TASK STATEMENT →
Write the listing below out again word for word, without a single picture.

*** MATERIAL PROVIDED

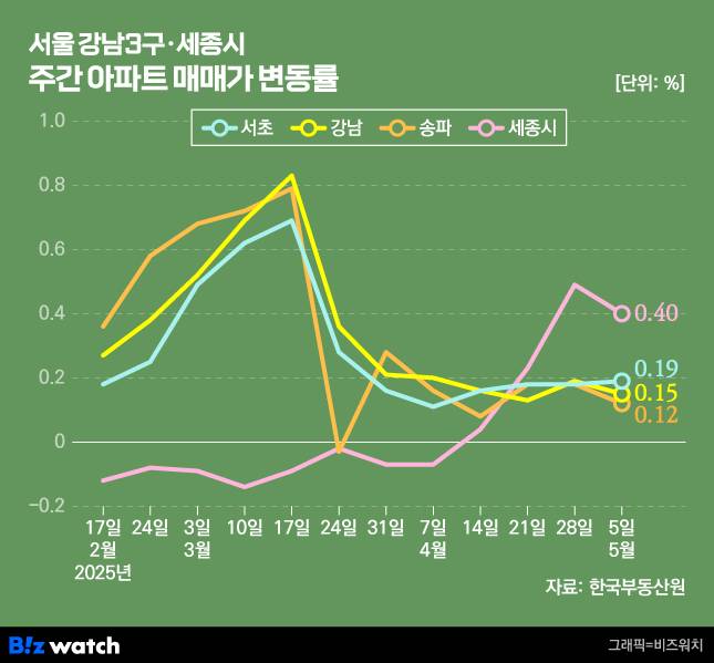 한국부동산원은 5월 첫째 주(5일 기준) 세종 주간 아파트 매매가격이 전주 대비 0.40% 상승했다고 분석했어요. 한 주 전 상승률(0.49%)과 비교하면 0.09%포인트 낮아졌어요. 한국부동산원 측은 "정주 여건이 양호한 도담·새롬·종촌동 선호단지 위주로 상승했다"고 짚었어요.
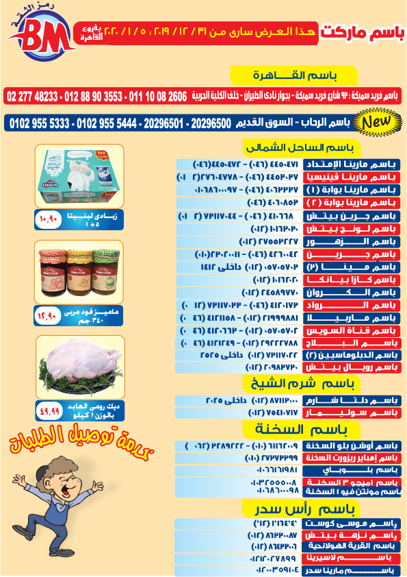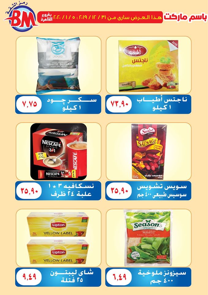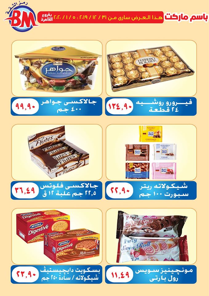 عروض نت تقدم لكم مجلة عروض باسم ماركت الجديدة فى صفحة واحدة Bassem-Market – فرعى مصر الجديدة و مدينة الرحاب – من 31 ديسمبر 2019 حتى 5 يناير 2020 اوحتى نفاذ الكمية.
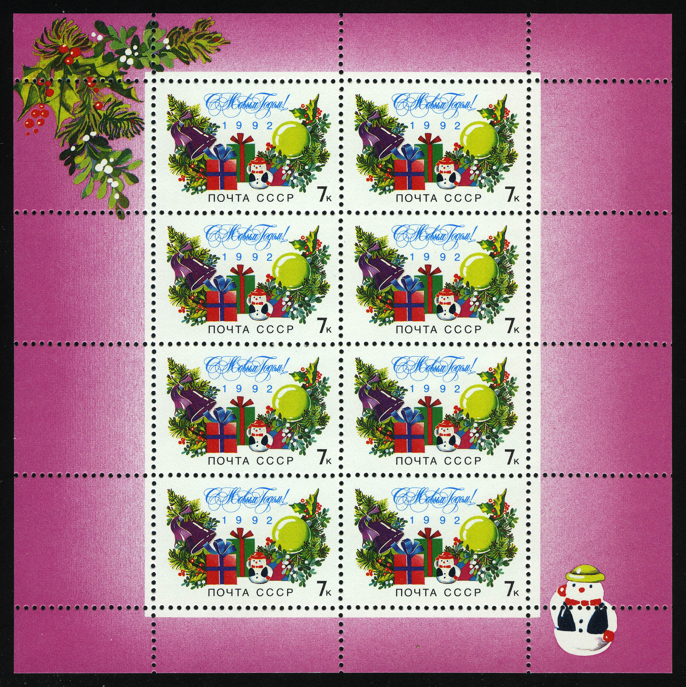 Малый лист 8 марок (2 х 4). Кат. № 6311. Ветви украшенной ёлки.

******

ANSWER SPACE →
 한국부동산원은 5월 첫째 주(5일 기준) 세종 주간 아파트 매매가격이 전주 대비 0.40% 상승했다고 분석했어요. 한 주 전 상승률(0.49%)과 비교하면 0.09%포인트 낮아졌어요. 한국부동산원 측은 "정주 여건이 양호한 도담·새롬·종촌동 선호단지 위주로 상승했다"고 짚었어요.
 عروض نت تقدم لكم مجلة عروض باسم ماركت الجديدة فى صفحة واحدة Bassem-Market – فرعى مصر الجديدة و مدينة الرحاب – من 31 ديسمبر 2019 حتى 5 يناير 2020 اوحتى نفاذ الكمية.
 Малый лист 8 марок (2 х 4). Кат. № 6311. Ветви украшенной ёлки.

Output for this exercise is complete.